Imaginemos esto: pedirle de manera constante a los mismos artistas que
contribuyan a la misma exhibición temática, yendo así a las profundidades de la
materia en vez de rozar la superficie. De hecho, ir al fondo mismo como sea,
rechazando las demandas de novedad, de constantes (re)territorializaciones –
“la pintura hoy”, “el retorno de lo político”, “muestra de nuevo arte británico”–
para, en lugar de ello, insistir en la realización de la misma muestra, ya sea de
manera itinerante o dentro de la misma institución o ciudad. Ahora bien, alguien
podría decir que esto es lo que de hecho hacen muchos curadores, sin importar
la regularidad con que cambien de temas, escenas y generaciones; pero en
vez de objetar u ocultar este hecho, quisiera sugerir que lo articulemos, y a
través de esta continuidad autoimpuesta y autotransformadora, nos internemos
en la producción y el pensamiento de los artistas, en la misma medida en que
los artistas podrían entonces internarse en los métodos y el pensamiento de los
curadores, como así también desarrollar –de manera bastante literal, para bien
o para mal– relaciones a largo plazo con el propio público, distrito o comunidad
imaginaria. Producir un público es hacer un mundo. Y también hacer que otros
mundos sean posibles…
1. Tony Bennett, “The Exhibitionary Complex”, en R. Greenberg., B. Ferguson y S. Nairne
(eds.), Thinking About Exhibitions, Londres, Routledge, 1996, p. 84.

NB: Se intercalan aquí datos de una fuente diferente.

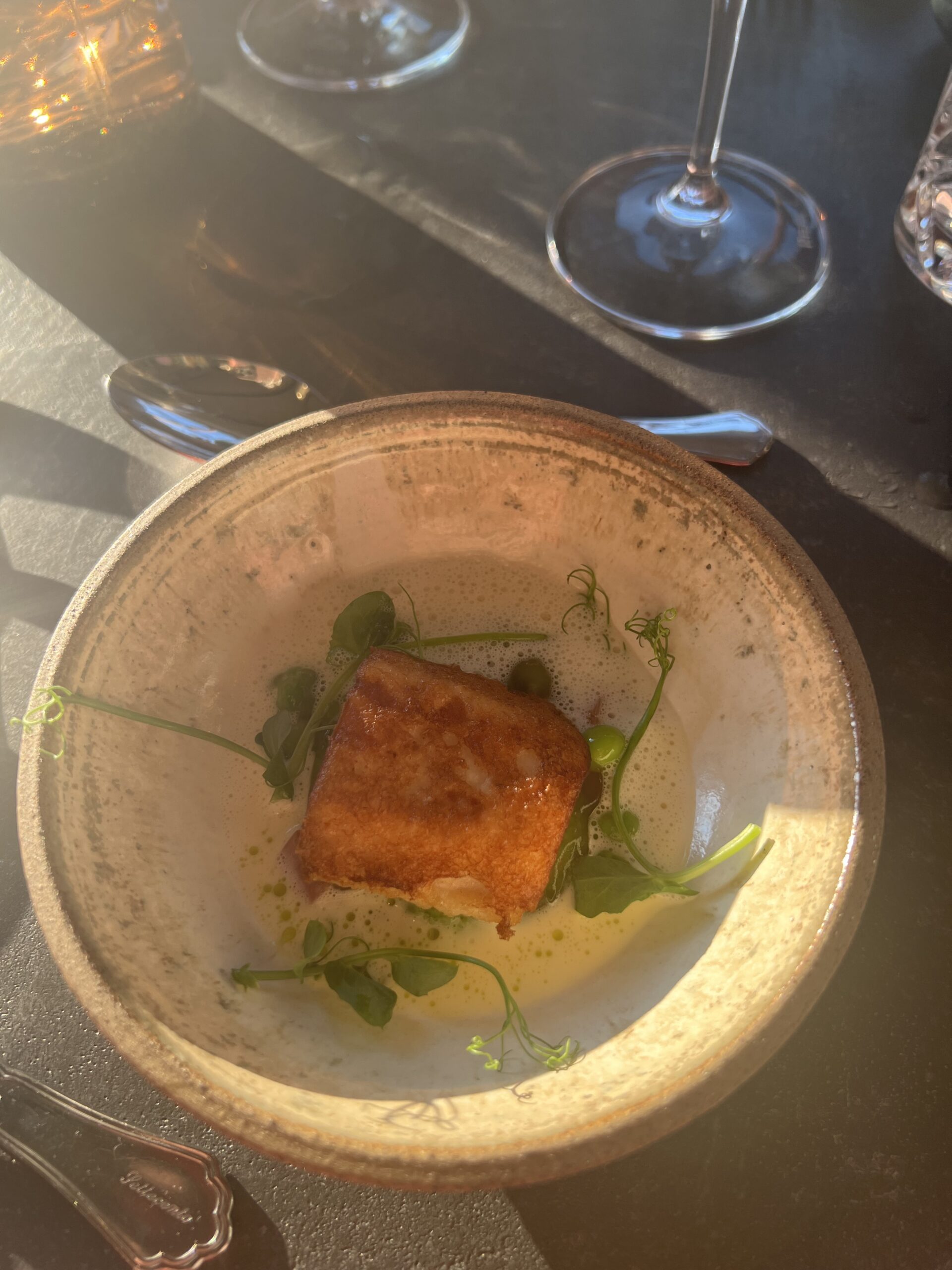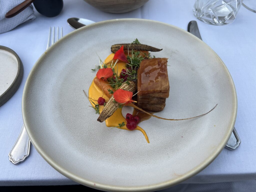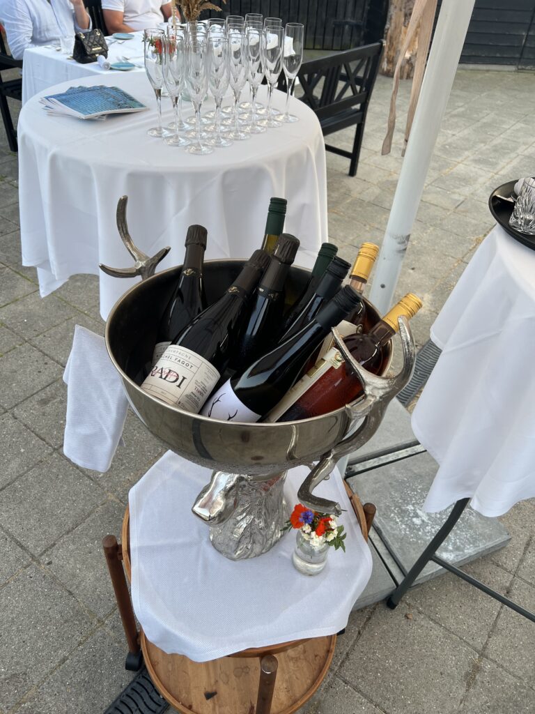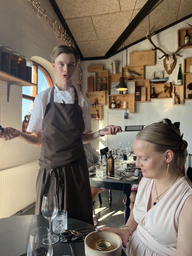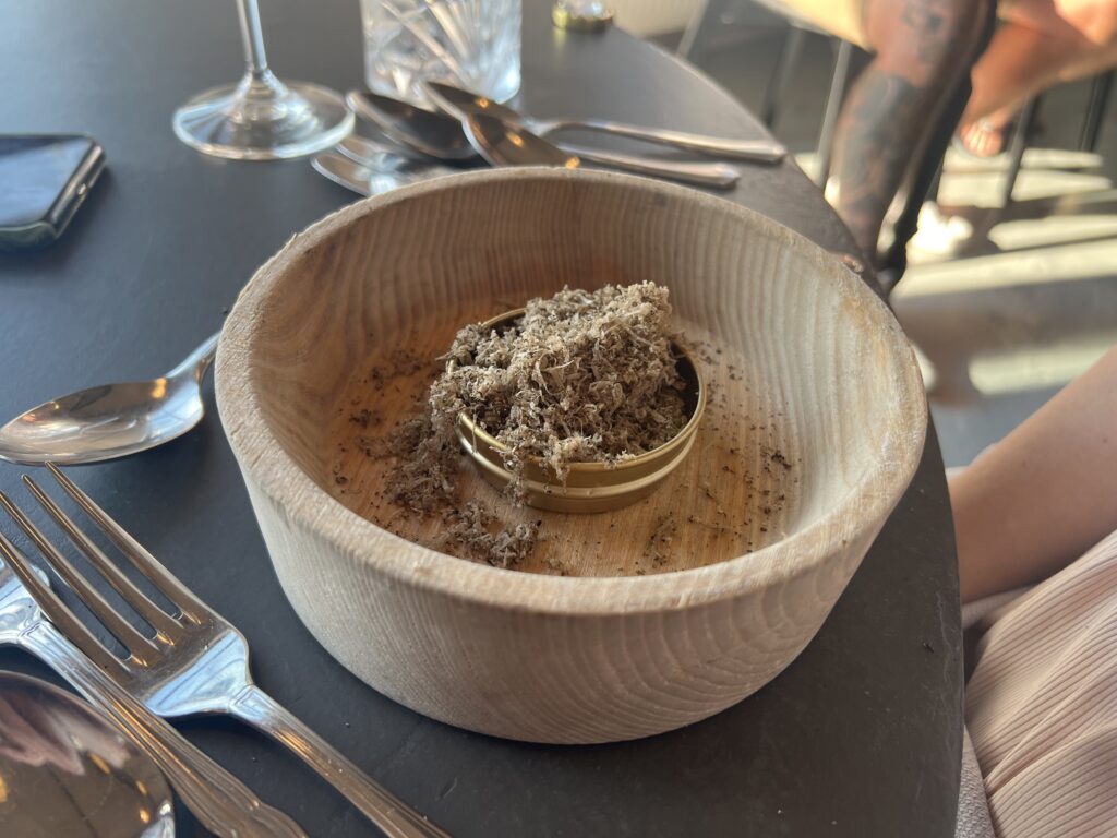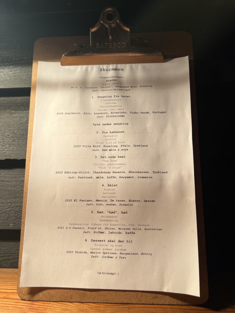 Ud over velkomstcocktail, bestemte vi os også for at tilføje med en “Den onde”-servering, Simons ”Velfærdslasagne” med et nederste lag – anrettet i en lille kaviardåse – af sorthummerklo med selleri og trøfler og oven på et lag med stegt foie gras, toppet med kaviar og masser af revet sorttrøffel. En lille smagseksplosion,. En ret der er hevet ind i restauranten fra “Gourmet Skuret”, som er en anden men garanteret kæmpe oplevelse ude bagved. Vi så skuret inden vi tog hjem, og det, derude, skal vi også op en dag og nyde en aften. Helt sikkert. Det var en super umami smagsoplevelse i øvrigt. Tag den gerne med hvis i kommer forbi. Jeg nævner den også, da den stadig økonomisk kan være med i vores maks beløb på omkring de 1500,- pr. person.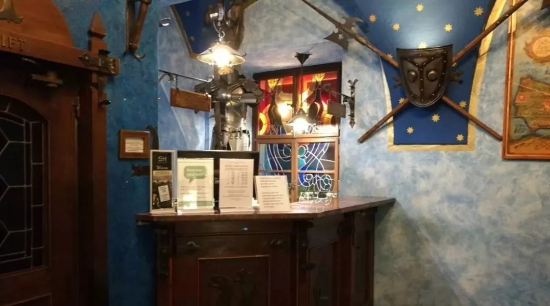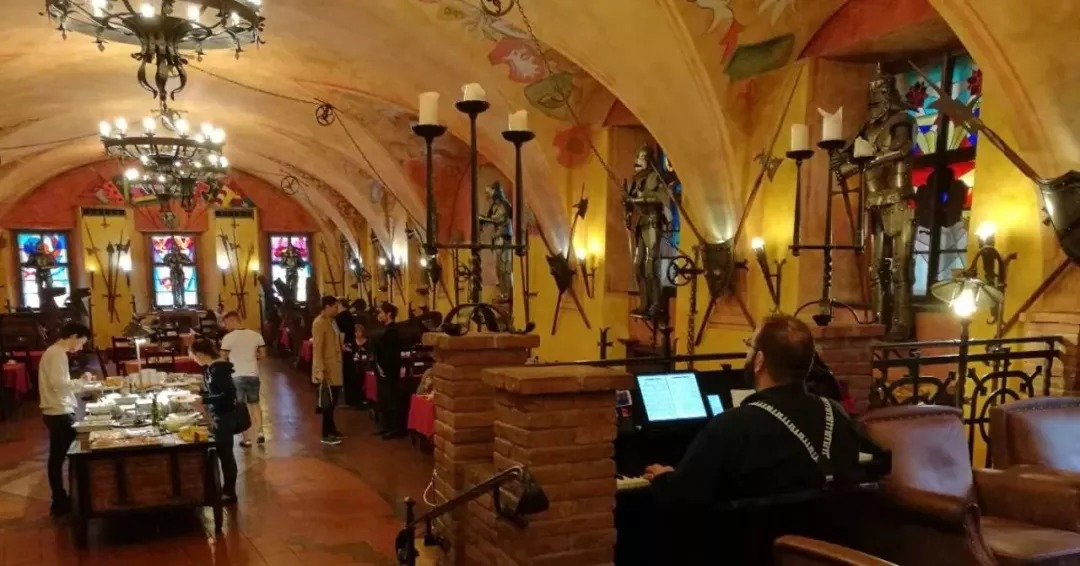里面装修特别带感,摆有很多中世纪的铠甲和武器,家族旗子,除此之外还有小帅哥可以养眼。

2. Frazer Ward, “The Haunted Museum: Institutional Critique and Publicity”, October 73,
1995, p. 74.
3. Michael Warner, Publics ond Counterpublics, Nueva York, Zone Books, 2002.
4. Marion von Osten, “A Question of Attitude - Changing Methods. Shifting Discourses.
Producing Publics. Organizing Exhibitions”, en Simon Sheikh (ed.), In the Place of the Public
Sphere?, Berlín, B-Books, 2005.
5. Cornelius Castoriadis, The Imaginary Institution of Society, Londres, Poilty Press, 1987, p. 373. (Original francés publicado en 1976).[Título en español, La institución imaginaria de la sociedad].